» What to produce
Your answer must be a word-for-word copy of the listing below, minus its pictures.

» Data for review
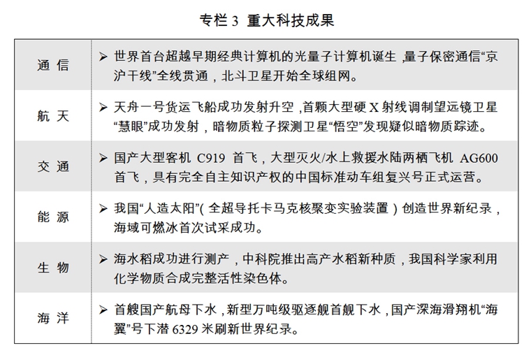 一批重大科技成果涌現(xiàn),“慧眼”衛(wèi)星成功發(fā)射運(yùn)行,C919大型客機(jī)首飛,量子計(jì)算機(jī)研制取得重大突破,首艘國(guó)產(chǎn)航母順利下水,海域可燃冰首次試采成功。全面創(chuàng)新改革試驗(yàn)深入推進(jìn),169項(xiàng)先行先試改革舉措全面啟動(dòng),其中13項(xiàng)改革舉措向全國(guó)推廣。北京、上??萍紕?chuàng)新中心,北京懷柔、上海張江、安徽合肥三個(gè)綜合性國(guó)家科學(xué)中心加快建設(shè)。國(guó)家實(shí)驗(yàn)室建設(shè)啟動(dòng),國(guó)家重大科技基礎(chǔ)設(shè)施建設(shè)持續(xù)推進(jìn)。國(guó)家科技重大專項(xiàng)加速攻堅(jiān),“科技創(chuàng)新2030-重大項(xiàng)目”啟動(dòng)實(shí)施。研發(fā)費(fèi)用加計(jì)扣除、股權(quán)激勵(lì)和技術(shù)入股所得稅優(yōu)惠政策、完善高新技術(shù)企業(yè)認(rèn)定辦法等進(jìn)一步落實(shí),17家國(guó)家自主創(chuàng)新示范區(qū)、156家國(guó)家高新區(qū)形成區(qū)域創(chuàng)新發(fā)展的核心載體和重要引擎。
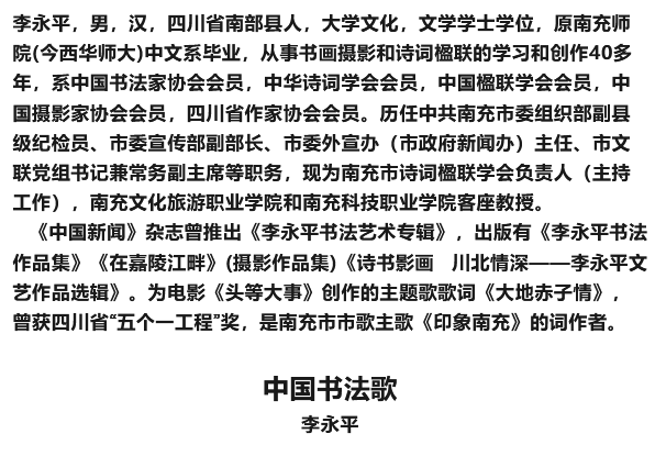 纵观李永平老师的书法作品,没有浮华的修饰,没有刻意的雕琢,每一笔都饱含深情,每一划都彰显格调。他以章草为基,融古今之韵;以诗文为魂,抒家国之情;以笔墨为桥,传文化之脉。他的书法,是嘉陵江人文底蕴的生动写照,是传统文化的当代传承,更是个人情怀与精神追求的真实流露。在书法艺术的道路上,李永平老师始终不忘初心、笃行不怠,用笔墨书写着对传统文化的敬畏,对家乡的热爱,对艺术的执着,为当代书法艺术的传承与发展,贡献着自己的力量,也为我们展现了一位当代文人书法家的初心与担当。
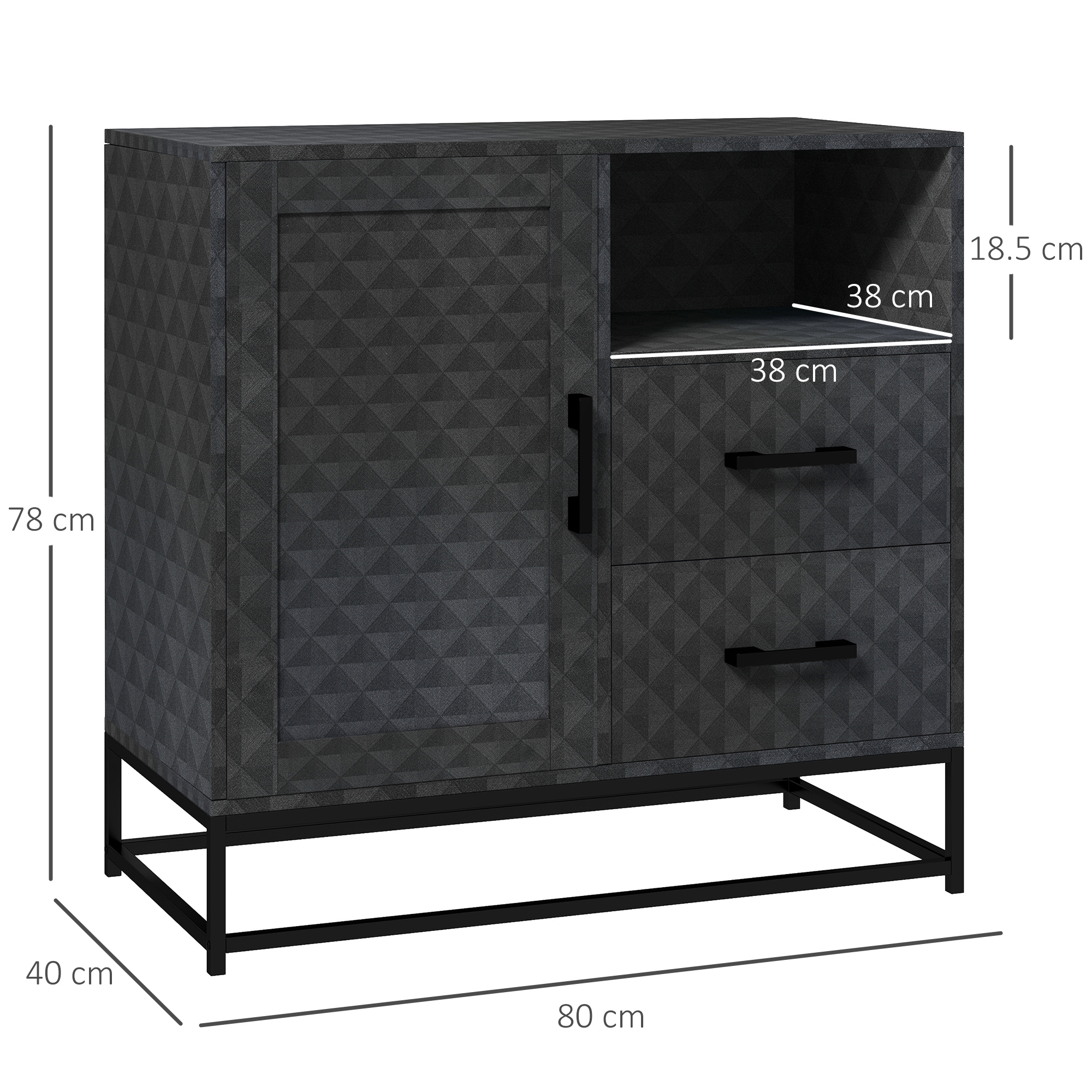 Discover the charm and functionality of the HOMCOM sideboard. This versatile piece features a storage cupboard with an adjustable shelf, an open compartment and two drawers, ensuring that every item is stored neatly and within easy reach. It' s a stylish and practical solution for any home, ensuring everything has its place while adding a touch of elegance to your decor.
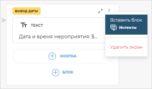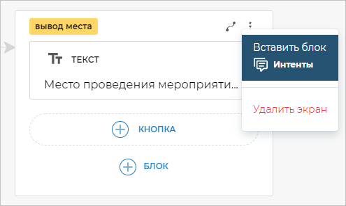 Добавьте в любое место сценария экран с блоком Интенты.
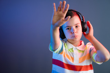 Boy Using Monopod On Blurred Background Funny Stylish Child

» Task solution
 一批重大科技成果涌現(xiàn),“慧眼”衛(wèi)星成功發(fā)射運(yùn)行,C919大型客機(jī)首飛,量子計(jì)算機(jī)研制取得重大突破,首艘國(guó)產(chǎn)航母順利下水,海域可燃冰首次試采成功。全面創(chuàng)新改革試驗(yàn)深入推進(jìn),169項(xiàng)先行先試改革舉措全面啟動(dòng),其中13項(xiàng)改革舉措向全國(guó)推廣。北京、上??萍紕?chuàng)新中心,北京懷柔、上海張江、安徽合肥三個(gè)綜合性國(guó)家科學(xué)中心加快建設(shè)。國(guó)家實(shí)驗(yàn)室建設(shè)啟動(dòng),國(guó)家重大科技基礎(chǔ)設(shè)施建設(shè)持續(xù)推進(jìn)。國(guó)家科技重大專項(xiàng)加速攻堅(jiān),“科技創(chuàng)新2030-重大項(xiàng)目”啟動(dòng)實(shí)施。研發(fā)費(fèi)用加計(jì)扣除、股權(quán)激勵(lì)和技術(shù)入股所得稅優(yōu)惠政策、完善高新技術(shù)企業(yè)認(rèn)定辦法等進(jìn)一步落實(shí),17家國(guó)家自主創(chuàng)新示范區(qū)、156家國(guó)家高新區(qū)形成區(qū)域創(chuàng)新發(fā)展的核心載體和重要引擎。
 纵观李永平老师的书法作品,没有浮华的修饰,没有刻意的雕琢,每一笔都饱含深情,每一划都彰显格调。他以章草为基,融古今之韵;以诗文为魂,抒家国之情;以笔墨为桥,传文化之脉。他的书法,是嘉陵江人文底蕴的生动写照,是传统文化的当代传承,更是个人情怀与精神追求的真实流露。在书法艺术的道路上,李永平老师始终不忘初心、笃行不怠,用笔墨书写着对传统文化的敬畏,对家乡的热爱,对艺术的执着,为当代书法艺术的传承与发展,贡献着自己的力量,也为我们展现了一位当代文人书法家的初心与担当。
 Discover the charm and functionality of the HOMCOM sideboard. This versatile piece features a storage cupboard with an adjustable shelf, an open compartment and two drawers, ensuring that every item is stored neatly and within easy reach. It' s a stylish and practical solution for any home, ensuring everything has its place while adding a touch of elegance to your decor.
 Добавьте в любое место сценария экран с блоком Интенты.
 Boy Using Monopod On Blurred Background Funny Stylish Child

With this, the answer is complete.